→ Your assignment:
Please give every line below again exactly, but not its pictures.

→ Input data:
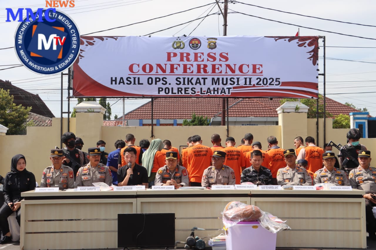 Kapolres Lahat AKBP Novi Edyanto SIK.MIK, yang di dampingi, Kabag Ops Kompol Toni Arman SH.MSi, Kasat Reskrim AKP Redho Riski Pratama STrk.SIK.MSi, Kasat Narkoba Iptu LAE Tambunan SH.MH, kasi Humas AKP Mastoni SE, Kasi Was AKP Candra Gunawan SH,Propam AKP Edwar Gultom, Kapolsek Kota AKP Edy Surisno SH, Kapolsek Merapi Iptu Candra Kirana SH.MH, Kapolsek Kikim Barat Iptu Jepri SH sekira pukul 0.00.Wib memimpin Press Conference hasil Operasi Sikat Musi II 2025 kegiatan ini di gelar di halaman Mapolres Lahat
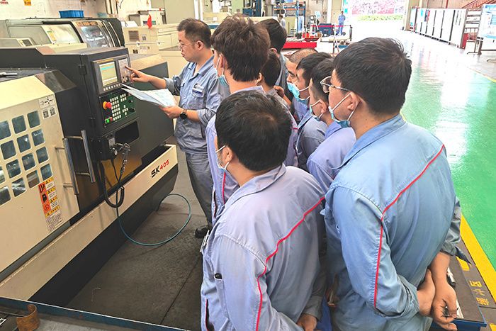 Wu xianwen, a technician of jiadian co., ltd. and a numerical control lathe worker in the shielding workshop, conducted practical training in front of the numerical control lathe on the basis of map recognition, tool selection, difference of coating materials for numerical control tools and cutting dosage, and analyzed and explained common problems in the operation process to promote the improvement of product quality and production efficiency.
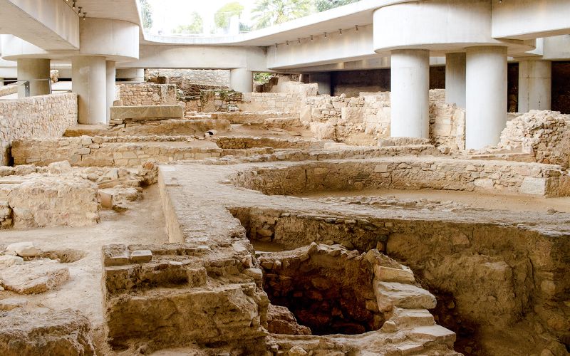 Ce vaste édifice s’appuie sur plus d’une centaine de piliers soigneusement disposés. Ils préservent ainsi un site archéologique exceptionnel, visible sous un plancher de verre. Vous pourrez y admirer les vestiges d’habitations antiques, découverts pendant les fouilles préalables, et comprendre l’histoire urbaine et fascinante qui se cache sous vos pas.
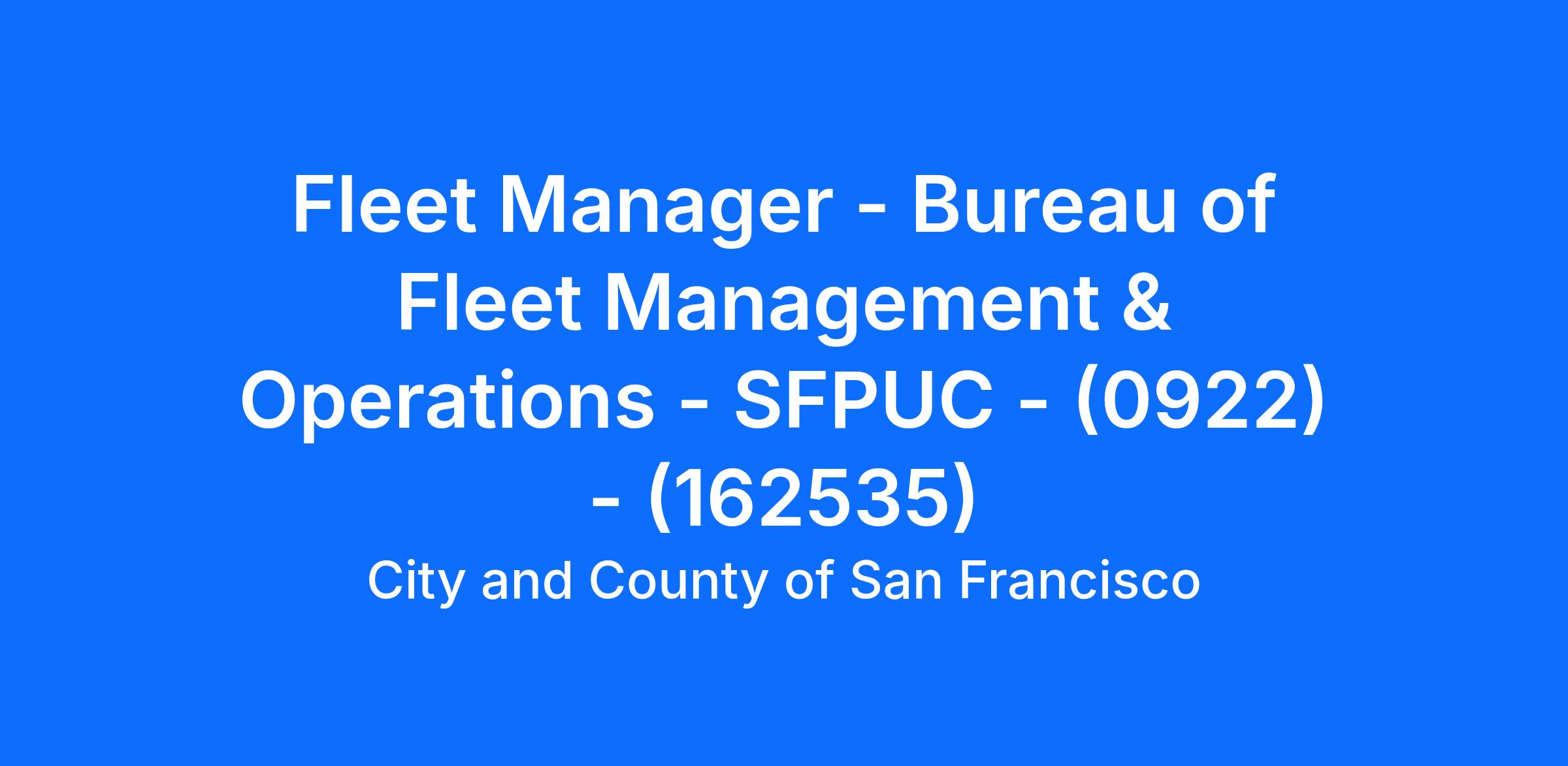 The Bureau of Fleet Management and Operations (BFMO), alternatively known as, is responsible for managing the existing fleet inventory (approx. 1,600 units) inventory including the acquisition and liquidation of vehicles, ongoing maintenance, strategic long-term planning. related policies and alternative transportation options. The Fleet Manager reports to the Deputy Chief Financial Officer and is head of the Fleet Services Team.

→ Answer section:
 Kapolres Lahat AKBP Novi Edyanto SIK.MIK, yang di dampingi, Kabag Ops Kompol Toni Arman SH.MSi, Kasat Reskrim AKP Redho Riski Pratama STrk.SIK.MSi, Kasat Narkoba Iptu LAE Tambunan SH.MH, kasi Humas AKP Mastoni SE, Kasi Was AKP Candra Gunawan SH,Propam AKP Edwar Gultom, Kapolsek Kota AKP Edy Surisno SH, Kapolsek Merapi Iptu Candra Kirana SH.MH, Kapolsek Kikim Barat Iptu Jepri SH sekira pukul 0.00.Wib memimpin Press Conference hasil Operasi Sikat Musi II 2025 kegiatan ini di gelar di halaman Mapolres Lahat
 Wu xianwen, a technician of jiadian co., ltd. and a numerical control lathe worker in the shielding workshop, conducted practical training in front of the numerical control lathe on the basis of map recognition, tool selection, difference of coating materials for numerical control tools and cutting dosage, and analyzed and explained common problems in the operation process to promote the improvement of product quality and production efficiency.
 Ce vaste édifice s’appuie sur plus d’une centaine de piliers soigneusement disposés. Ils préservent ainsi un site archéologique exceptionnel, visible sous un plancher de verre. Vous pourrez y admirer les vestiges d’habitations antiques, découverts pendant les fouilles préalables, et comprendre l’histoire urbaine et fascinante qui se cache sous vos pas.
 The Bureau of Fleet Management and Operations (BFMO), alternatively known as, is responsible for managing the existing fleet inventory (approx. 1,600 units) inventory including the acquisition and liquidation of vehicles, ongoing maintenance, strategic long-term planning. related policies and alternative transportation options. The Fleet Manager reports to the Deputy Chief Financial Officer and is head of the Fleet Services Team.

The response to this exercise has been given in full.